What you should do: Can you copy out the data exactly? Leave the images out.

Data section:
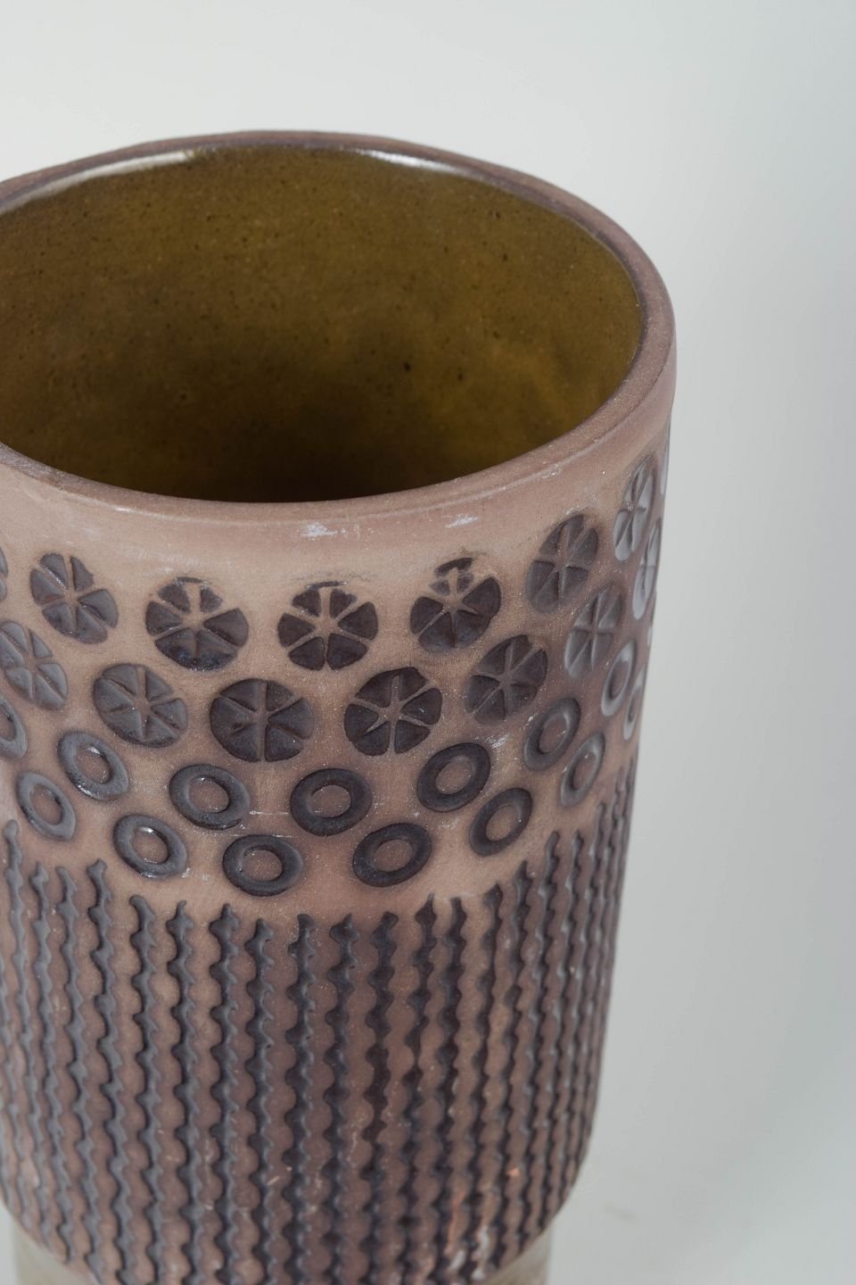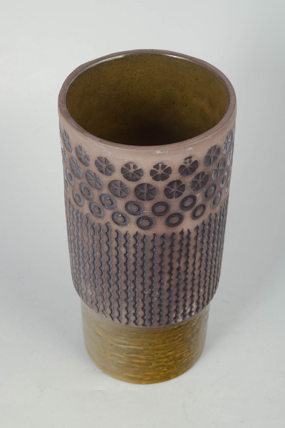 Høj cylindrisk keramikvase model 6074M med reliefdekoreret overflade i geometriske mønstre og håndglaserede nuancer i rosa, grå og olivengrøn.
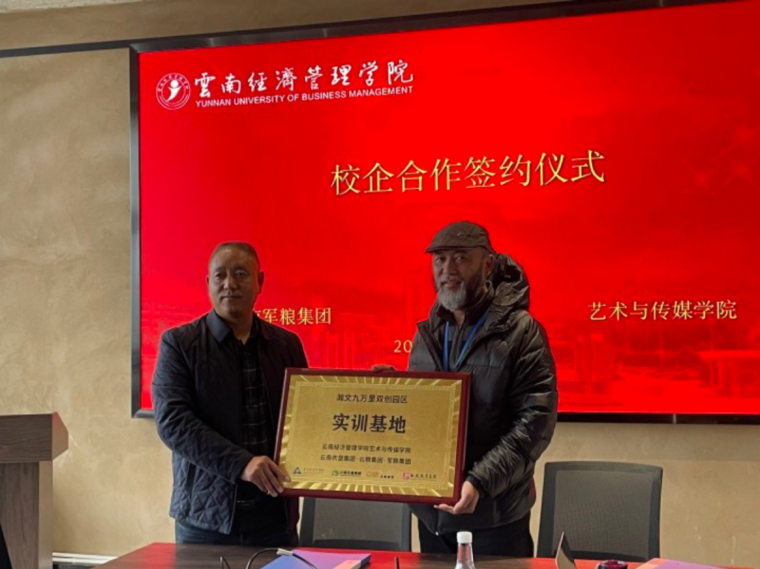 同时表达了贵集团与艺术与传媒学院的合作满怀信心,充满期待?;嵋樽詈?,艺术与传媒学院院长农伟与云南军粮集团董事长蒋强进行了签约授牌。
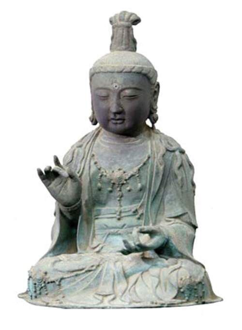 ‘금동관세음보살좌상’의 운명은 그야말로 기구하다. 1951년 일본 간논지(관음사) 주지가 발견한 복장 유물에서 ‘천력삼년, 고려국 서주 부석사 당주 관음결연문’이라는 기록이 나왔다. 풀어보면, 1330년 고려시대 충남 서산(옛 이름 서주) 부석사에 모셔졌다는 것이다. 높이 50.5㎝, 무게 38.62㎏인데, 일본은 1973년 무형문화재로 지정했다. 학계는 1352~1381년께 충남 서산 일대에 침략한 왜구가 약탈해 일본으로 가져간 것으로 추정한다.
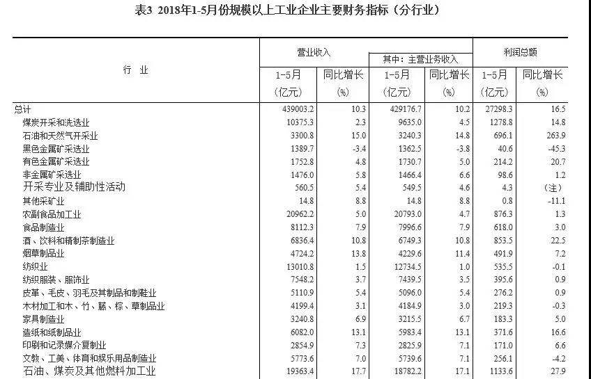 为此国家统计局工业司何平博士解读了2018年1-5月份工业企业利润数据,原文如下:

Answer space:
 Høj cylindrisk keramikvase model 6074M med reliefdekoreret overflade i geometriske mønstre og håndglaserede nuancer i rosa, grå og olivengrøn.
 同时表达了贵集团与艺术与传媒学院的合作满怀信心,充满期待?;嵋樽詈?,艺术与传媒学院院长农伟与云南军粮集团董事长蒋强进行了签约授牌。
 ‘금동관세음보살좌상’의 운명은 그야말로 기구하다. 1951년 일본 간논지(관음사) 주지가 발견한 복장 유물에서 ‘천력삼년, 고려국 서주 부석사 당주 관음결연문’이라는 기록이 나왔다. 풀어보면, 1330년 고려시대 충남 서산(옛 이름 서주) 부석사에 모셔졌다는 것이다. 높이 50.5㎝, 무게 38.62㎏인데, 일본은 1973년 무형문화재로 지정했다. 학계는 1352~1381년께 충남 서산 일대에 침략한 왜구가 약탈해 일본으로 가져간 것으로 추정한다.
 为此国家统计局工业司何平博士解读了2018年1-5月份工业企业利润数据,原文如下:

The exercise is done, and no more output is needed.